6. Therefore, it must have been before 5 (above) that I came home from afternoon college classes to find Flyblown and Fleabit, Jennifer's two Shetland ponies, inside our inner city apartment instead of in her father's suburban pasture. The minister's wife had brought them to town one at a time in the back of her Dodge Colt station wagon so that Jennifer would no longer miss the amenities of country life unnecessarily.
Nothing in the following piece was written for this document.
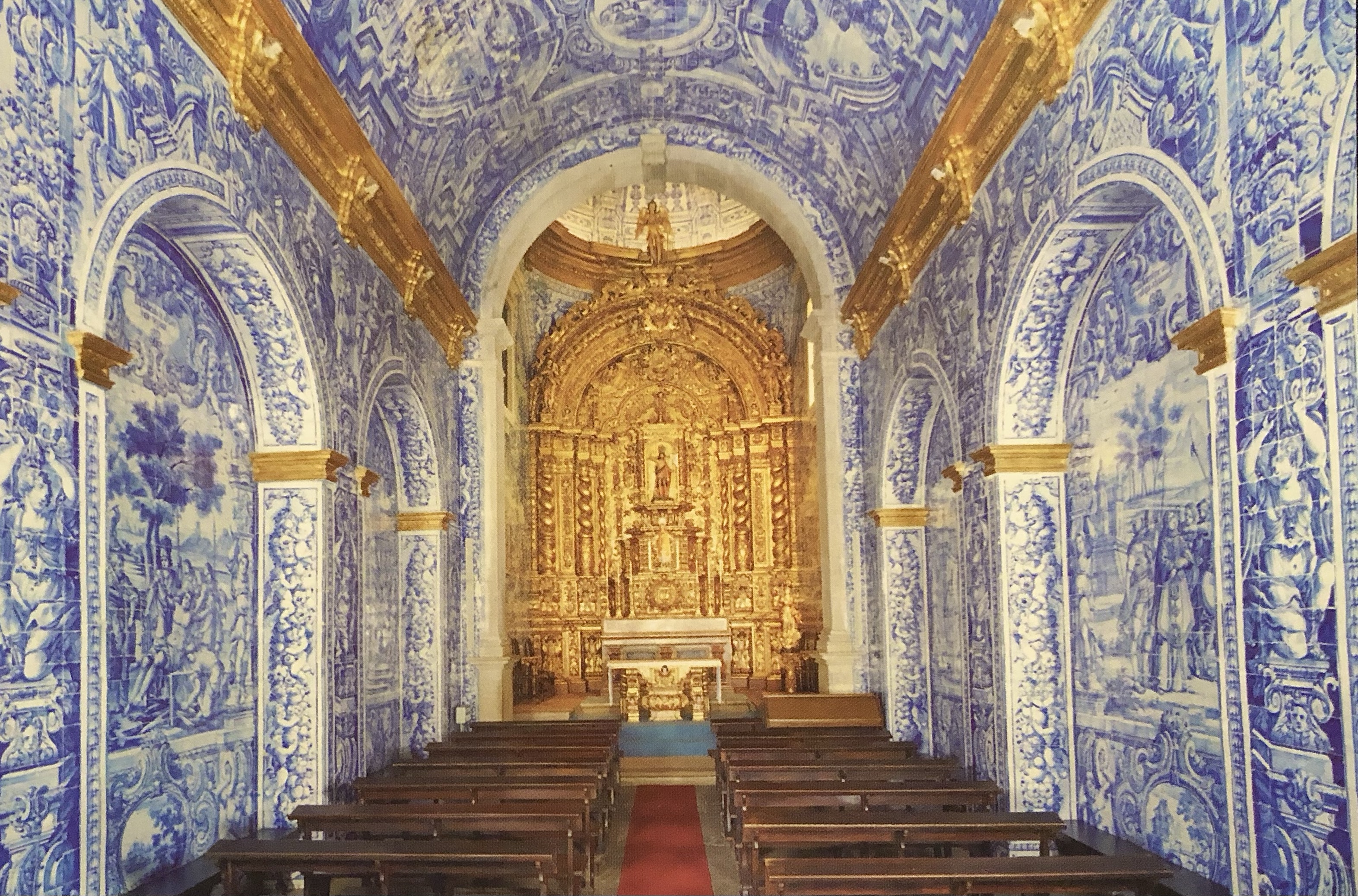 Einen besonders aussergewöhnlichen Kirchenbau entdeckten wir bei Almancil – Igreja de Sao Lourenco. Die Barockkirche ist im Innenraum vollständig mit Kacheln bedeckt, die Szenen aus dem Leben des Hl. Lorenz erzählen. Die Fliesen kommen aus Lissabon und sind von Policarpo de Oliveira Bernardes, 1730, signiert. Zu erwähnen sind natürlich die vergoldeten Holzschnitzarbeiten des Altares, die einem der bedeutendsten Bildhauer seiner Zeit an der Algarve, Manuel Martins, zugeschrieben wurden. Leider herrschte in der Kirche absolutes Foto-Verbot. Die Damen bei der Kassa hatte scheinbar eine versteckte Kamera irgendwo. Mit der war nicht zu spassen. Auf alle Fälle kurbelte sie mit ihrer Taktik den Verkauf von Postkarten an. Nun, der Innenraum der Kirche ist einfach einzigartig. Die Kirche ist ein vollendetes Zeugnis der Azulejo-Kunst in Portugal. Die Verwendung von Fliesen hat hier eine lange Tradition und sie werden sowohl in Innenräumen als auch bei Aussenfassaden verwendet, wie wir schon an früheren Beispielen gesehen haben. Oftmals werden sie – so wie in der Hl. Lorenz Kirche zu ganzen Bildgeschichten zusammengefügt. Ornamental gestaltete Azulejos weisen meist auf einen islamische Ursprung hin. Portugal ohne Fliesen, das ginge gar nicht.

I don't know who hated this situation more -- Me, the goddam ponies, or the downstairs neighbors -- but I drove Flyblown and Fleabit back to the minister's place myself.

After 240 continuous waking hours of bizarreness, the woman went to sleep and awoke eight hours later as rational as she had ever been. Her husband later told me that she had done much the same thing twenty years early, but I was determined to carry out the threat I had made late on the Ninth Day. I had said that I was going to pack my things and leave if she didn't become sane again immediately. She didn't and I did, that is, I packed and tortured her with the vision of all those bags and boxes for another few weeks until the college semester ended, at which point I put everything in storage, bought a new Volkswagon camper van, and went to spend the summer floating around the pool drinking daiquiris in Shreveport.